Which compounded distress upon distress.
And stopped him cold before he could begin his next sentence. "I'm sorry." His face reddened.
"I said you were mysterious this morning," Kristine reminded him. "I don't know what I meant-"
"Okay," he said. "I'll tell you this much. I have been warned not to do any of this." He gestured toward the manuscript with an open hand. "I don't know by whom. I'm ignoring that warning, but I want you to be aware of the risk we're taking."
"Jesus," she said again, looking down at the table. They were served their salads. "Why didn't you tell me this earlier?"
"Because I'm an idiot." He touched his fork to the salad.
"You are not an idiot," Kristine objected, raising her eyebrows not at him but at her salad plate.
"Then maybe it's because I'm way out of my depth."
She regarded him shrewdly. "Then why are you doing this?"
"Because I find you attractive," Michael said, the editing function somehow completely deactivated.
Kristine didn't react for an uncomfortable number of seconds. "I'm living with someone now," she said.
"I suspected as much."
"I'd like to think we're both interested in the music."
"We both are."
"And I'd like to think you wouldn't use all of this as an excuse, just to see somebody you're attracted to."
"I haven't been. Not entirely."
"How old are you?" Kristine asked. "I mean, really?"
"I don't know," Michael said. "I was gone five years. It didn't seem like five years to me."
"I was thinking you might be older than you said."
"If anything, I'm younger."
"Then I'm really confused." She removed her napkin from her lap and laid it on the tablecloth. "And I'm not very hungry."
"Neither am I."
"You don't want me to do anything with the manuscript, then?"
"On the contrary. I do want you to... take it to the music department, look it over, get it performed. But I think you should be aware there could be trouble."
"Do you always cause trouble for women you're attracted to?"
Her question stunned him. Yes. "Not like this," he answered. "It's not me causing the trouble."
"What I think you're trying to say is, if we play this music again, the same things will happen as happened * in 1939."
"Or something even more important."
"And I could be sued, as Waltiri was sued."
"I don't know about that. That isn't what worries me most."
She seemed absolutely fascinated by the idea. "That would be...interesting. But you're right; I find it all hard to believe."
"And you're only hearing the easy part," Michael said.

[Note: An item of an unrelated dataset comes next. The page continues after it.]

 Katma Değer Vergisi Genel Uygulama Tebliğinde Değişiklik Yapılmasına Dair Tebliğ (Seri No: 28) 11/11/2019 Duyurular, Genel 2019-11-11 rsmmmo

Again a pause, as she bit her lower lip and searched his face intently. "Let's talk about how you feel about me..."
"Please. It's embarrassing. I've said too much, and I've said it in all the wrong ways."
"No. I appreciate your honesty. You are being honest; that much is obvious. And you're not crazy. Believe me, I've gone out with enough crazy men..." She gazed off into the middle distance. "I like you, but there is this... situation."

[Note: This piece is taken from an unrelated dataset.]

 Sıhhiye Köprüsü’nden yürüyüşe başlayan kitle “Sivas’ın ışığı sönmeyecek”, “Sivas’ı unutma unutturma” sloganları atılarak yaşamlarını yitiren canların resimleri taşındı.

"We shouldn't waste the food," Michael said.
"No." She picked up her fork, replaced her napkin and speared a leaf of lettuce from her salad plate.
"I mentioned the Mahler letters to Gregory Dillman. He's our department expert on Mahler and Strauss and Wagner. He's fascinated - says that none of the letters have ever been published, which is obvious, I suppose."
"Yes," Michael said.
"He's advising a fellow named Berthold Crooke on his orchestration of Mahler's Tenth Symphony."